Bird 308 – Moa

This week we travel to New Zealand and back in time some 500 years to meet the Moa. Along with the Elephant Bird of Madagascar, the Moa is the other great extinct giant flightless bird from recent history.

Little known fact, the Moa was not a single species, but there was a whole family of them. Currently between 9 and 11 species are recognised that ranged in size from that of a turkey, up to about 3.6 metres. So yes, these were beefy birds.

Coming from New Zealand, we might naturally think of them as the giant cousin of the Kiwi. But the Moa is more closely related to the Tinamous of South America. Whereas the Kiwi is more closely related to the Elephant Bird of Madagascar. Sometimes evolution and continental drift can throw up odd relationships like this.

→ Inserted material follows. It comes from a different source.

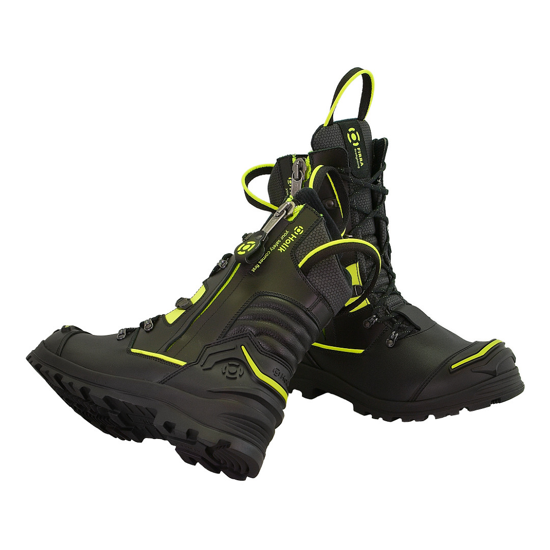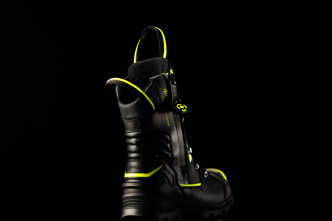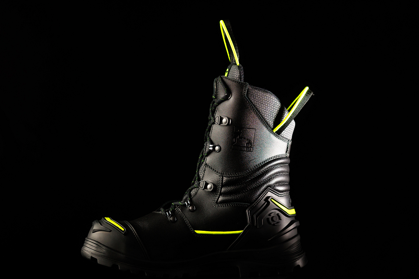 Jazyk může být textilní nebo kožený, ochrana kotníků je integrovaná do vnitřní konstrukce svršku. Část reflexních prvků zůstává viditelná – a tedy účínná – i při nošení zásahového oděvu.

The Moa also holds the distinction of being the only purely bipedal bird we know of. Birds are tetrapods, they have four limbs. In some birds that decided to go flightless, like the Kiwi, it may look as though they have totally lost their wings, but a small relic always remains. This is true of every bird except the Moa. They are the only bird we have discovered that lost every last vestige of their forelimbs, becoming the only two limbed bird we know of.

In New Zealand, the Moa was a gentle herbivore, but they were so big that almost nothing bothered them. There was one exception however, the mighty Haast’s Eagle: a bird with a wingspan of 3 metres that had especially evolved to prey on the Moa. 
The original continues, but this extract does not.